Someone criticized me the other day for trashing a book he wrote that I hadn’t read. I have many failings and yes, trashing books I haven’t read is one of them. I bring this up because of a book I read about here: “Reimagining the Mathematics Classroom: Creating and Sustaining Productive Learning Environments, K-6.”
The title alone tells me it’s a book I won’t like. I’m tired of being told to “reimagine” things as if such things desperately need to be reimagined. In this case, what he reimagines in terms of math education in K-6 are (I’m guessing) the conventional or traditional mode of teaching math which the author of the book describes in the interview:
For most teachers, myself included, K-6 grade mathematics emphasized following procedures to get answers without much concern for how or why these strategies worked, were related or could be adapted to new problems.
One can find by examining textbooks from previous eras, such as the 50’s and 60’s evidence that there were explanations for procedures or strategies, as well as many problems for students to apply such knowledge. Something that does not get talked about in articles such as this, is that over almost three decades, math in K-6 has undergone a transformation thanks in large part to the 1989 math standards of the National Council of Teachers of Mathematics (NCTM) (revised in 2000, and then clarified to little avail in 2006).
Such standards as well as those adopted by states which imitated them carried an underlying message that “Memorization is bad; struggle is good”. This message has been extended somewhat by the Common Core math standards, which carry the “dog whistles” of math reform, as Tom Loveless of Brookings Institution refers to them. The result is that K-6 math education has become a no-STEM zone, in which understanding is given priority over learning procedures. If anything needs to be “reimagined” perhaps it is what has emerged as a result of the previous reimagining. If a child cannot explain their reasoning, the child is held to not understand underlying principles. Students are given one-off problems that do not generalize well, but appear to be “mathy” and real-world like. Traditional problems are held in disdain for being predictable, easy, and not teaching students to “think like a mathematician”, this last despite the fact that they are novices, not experts, and have to think like children, just as mathematicians once did.

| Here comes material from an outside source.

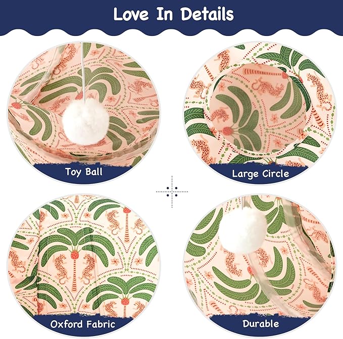 Tempcore Pet Cat Tunnel Tube Cat Toys 3 Way Collapsible, Cat Tunnels for Indoor Cats,Kitty Tunnel Bored Pet Toys Peek Hole Toy Ball Puppy, Kitty, Kitten, Rabbit Khaki Coconut Tree
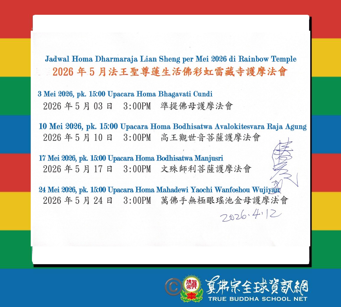 Jadwal Homa Dharmaraja Lian Sheng Bulan Mei 2026 di Rainbow Temple

I’m also tired of people who hold in disdain the very things they have benefited from. When pressed on this by pointing out that they seemed to do all right with the down-trodden and eschewed traditional methods, they will respond that “Yes, but there were plenty that did not” without providing much in the way of evidence other than “Look how many people say they hate math” or “Look how many adults cannot do _____” in which the blank is generally some procedure that they may not have used for many years. (I myself have to brush up on certain math procedures that I haven’t done in years; it usually comes back fairly easily. Oh, right, that’s me, and I’m the exception.)
What they offer to replace the methods that helped them succeed are summarized in this statement:
The methods I used in the 1990s, which led to significant improvement in my students’ outcomes in mathematics, are becoming more widely adopted today. These include giving students opportunities to productively struggle with an unfamiliar task designed to extend and/or challenge their prior knowledge, requiring students to communicate with peers about their mathematical reasoning, and using students’ mathematical ideas as the basis for calling attention to key mathematical relationships and properties.
Well, these sound an awful lot like the coveted Standards for Mathematical Practice (SMPs) contained in the Common Core math standards. These purport to teach students to think like mathematicians and are frequently implemented by teaching “habits of mind” of, say, algebraic thinking, well outside of any proper algebra course in which such habits would arise as a result of what’s being taught and practiced. On the subject to the SMPs and thinking like a mathematician, I rely more on the wisdom of a real mathematician, Steve Wilson of Johns Hopkins, who provided this perspective:
There will always be people who think that teaching kids to “think like a mathematician,” whether they have met a mathematician or not, can be done independently of content. At present, it seems that the majority of people in power think the three pages of Mathematical Practices in Common Core, which they sometimes think is the “real” mathematics, are more important than the 75 pages of content standards, which they sometimes refer to as the “rote” mathematics. They are wrong. You learn Mathematical Practices just like the name implies; you practice mathematics with content.
You’ll forgive me then if I choose not to read this book or to write a nuanced review of same.